中国のテクノロジー戦略をとりわけ恐るべきものにしているのは、領域をまたがっての統合だ。中国はただAIモデルを作っているのではなく、それらをハードウェア、インフラ、そして都市に組み込みつつある。中国企業は種々のセンサーを搭載した人型ロボットや四脚ロボットを製造し、これらのロボットに現実の環境の中で見たり考えさせたりしている。
昨年、中国は米国のほぼ9倍の産業用ロボットを設置した。ドローンや空飛ぶクルマについても、中国はこれらが飛べる空域を都市上空に設け、いわゆる「低空経済」を築きつつある。
深圳では既にドローンが荷物を配達、広州ではイーハンの自律飛行型のクルマが乗客を乗せ始めている。ここでも強みは統合で、センサー・AI・ハードウェア・法規が一体となって変革技術を創り出している。

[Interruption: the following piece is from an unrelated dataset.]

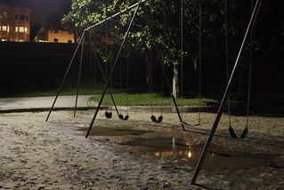 밤이 되자, 나는 운동장으로 나갔다.

他方、米国では基礎科学・技術向けの政府支出が大幅に削られ、政府がハーバード大学と喧嘩するなど、最良の大学が包囲されている。そして政府機関が一部閉鎖される中、大統領と国防長官が数百人の将軍を招集し、社会的不平等を問題とするWoke思想と戦うよう説教した。米国は気合を入れなおす必要がある。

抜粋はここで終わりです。